1) Describe your job at SAS.

I’m the manager of the group that supports course developers and maintains the course development process. The group consists of project managers, editors, and production specialists. I’m an editor by trade (after an earlier life as a middle school teacher), and I still spend a great deal of my time editing course materials.

2) Where do the ideas come from for creating a new SAS training course? An instructor? A customer? From software development or product management; to support a new software product?

Let’s see: yes, yes, and yes. And several more yeses. Ideas come from all over: product managers in R&D or Sales & Marketing; student comments during classes or customer requests at user group events; instructors in Education; country managers in Europe and beyond; industry experts outside of SAS for the Business Knowledge Series program; and elsewhere. If my friend Tom Baker in the RFC (SAS’ Recreation and Fitness Center for employees) has an idea for a course, we’d love to hear it.

3) Is there one particular course development project that stands out in your mind?

That’s a tough one. It feels like all courses have their own quirks and personalities – and you love some courses because of those things, and some, well, you don’t love so much because of those things. The foundation course revision efforts for both SAS 9 and 9.2 both stand out just because there were so many people involved and they were such huge undertakings. The larger the project and the more people who are involved, the more crucial the role of a support team is. I’d have a much better answer if you asked me my all-time top ten favorite albums.

4) Okay, what are your all-time top ten favorite albums?

Now that’s a question I can answer with some degree of authority. Thanks for asking. In no particular order…

The Clash – London Calling
R.E.M. – Murmur
The Replacements – Tim

Those three above long ago cemented their spots on the list. The other seven kind of come and go. If I were packing for a 10-hour road trip tomorrow, these are the other seven I’d put in the case:

James McMurtry – Live in Aught-Three
The Band – Music from Big Pink
Warren Zevon – Warren Zevon
Uncle Tupelo – Still Feel Gone
Counting Crows – August and Everything After
Various Artists – Take Me to the River: A Southern Soul Story 1961-1977 (kind of cheating because it’s a 3-disc set, but still…)
Nick Lowe – Pure Pop for Now People

5) How many new courses did your team develop last year? Do you think you’ll produce even more this year?

In 2009, 229 course development projects were completed, almost half of which were new courses – including classroom training, Live Web, e-Courses, e-Lectures, and even a couple custom courses. The other half was revisions to existing courses. It’s looking like we’ll be in that same ballpark again this year, between 200 and 225 when all’s said and done.

6) What new courses are in the works now?

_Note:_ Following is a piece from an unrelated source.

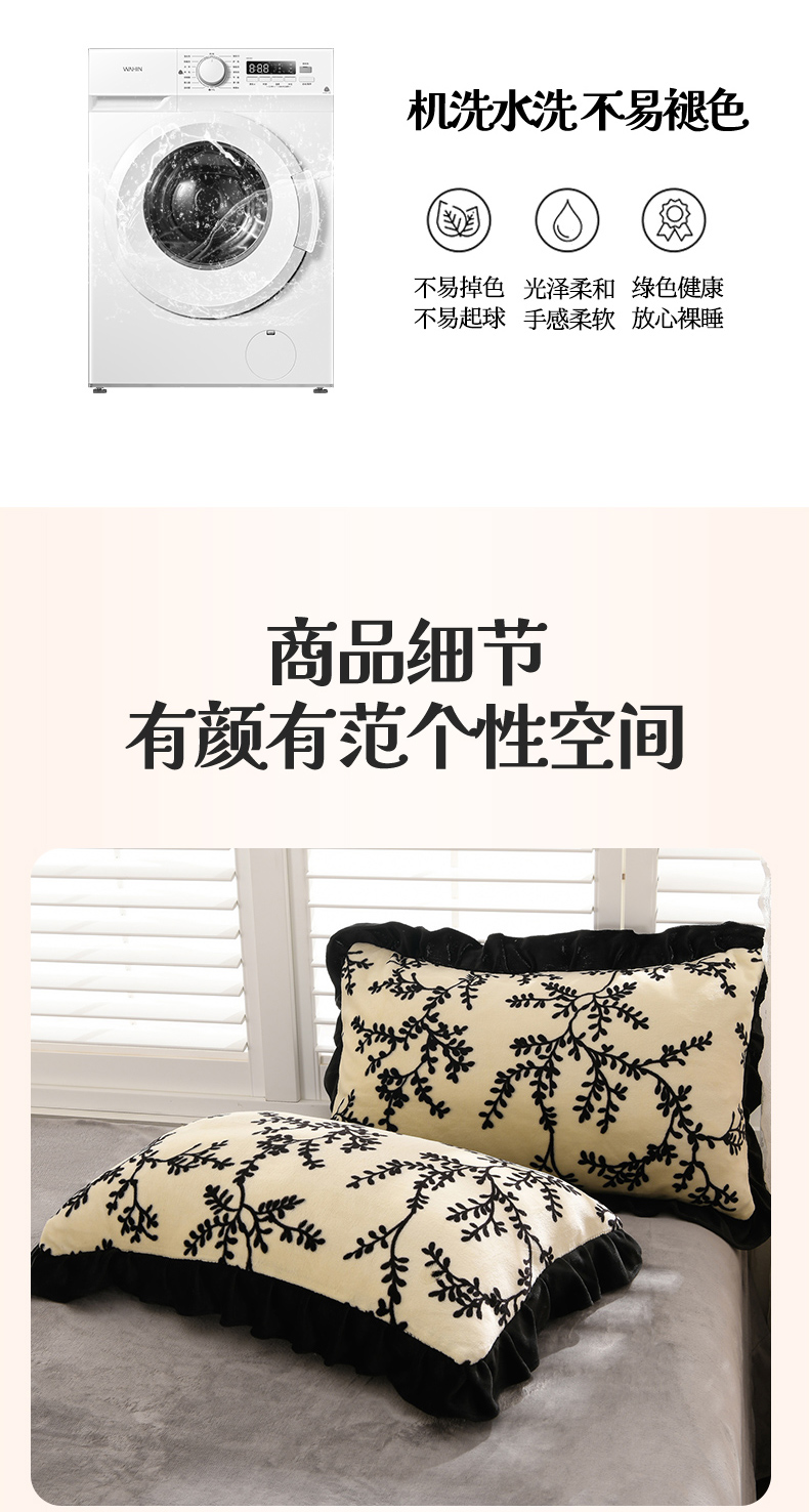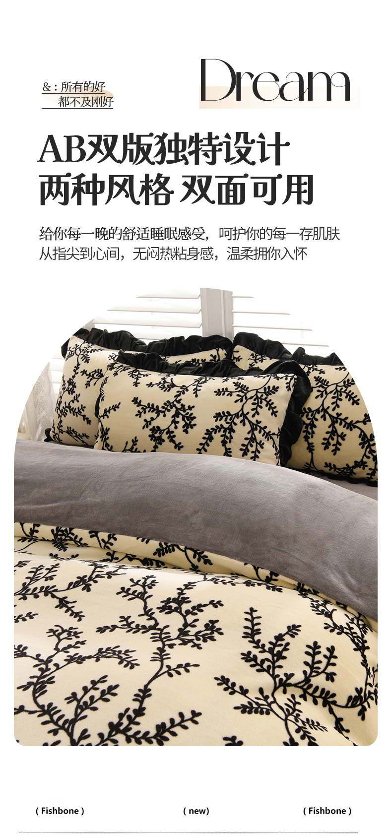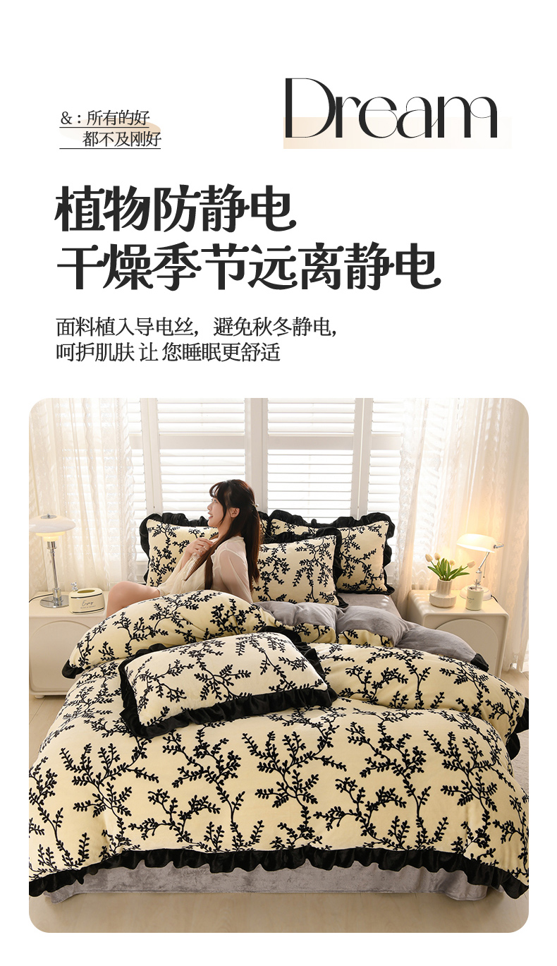 商品名称:紫月轩家纺 2025新款韩版牛奶绒花边款四件套 素枝

How much time do you have? Let’s see, there’s a bunch in the platform administration world as well as the whole business intelligence universe. There are also a host of solutions courses, ranging from Risk Dimensions and Fraud Detection to Customer Analytics and Merchandise Intelligence. They’re not new courses, but the latest round of revisions to coincide with a new version of JMP is gearing up. We’re in the middle of two especially exciting projects. One is Advanced Business Analytics, with Cat Truxillo in the Statistics Group serving as the chief developer. The course is designed to be a semester-long offering at universities, and Cat is getting ready to meet with over 30 professors to prepare them to teach the course in the fall semester of 2010 or spring 2011. The other is a blended learning course, so called because it blends various training mechanisms (Live Web classroom and self-study time), that covers advanced SQL topics. And then there are the Extended Learning Pages, but that’s a whole other blog topic….

This post was kindly contributed by The SAS Training Post - go there to comment and to read the full post.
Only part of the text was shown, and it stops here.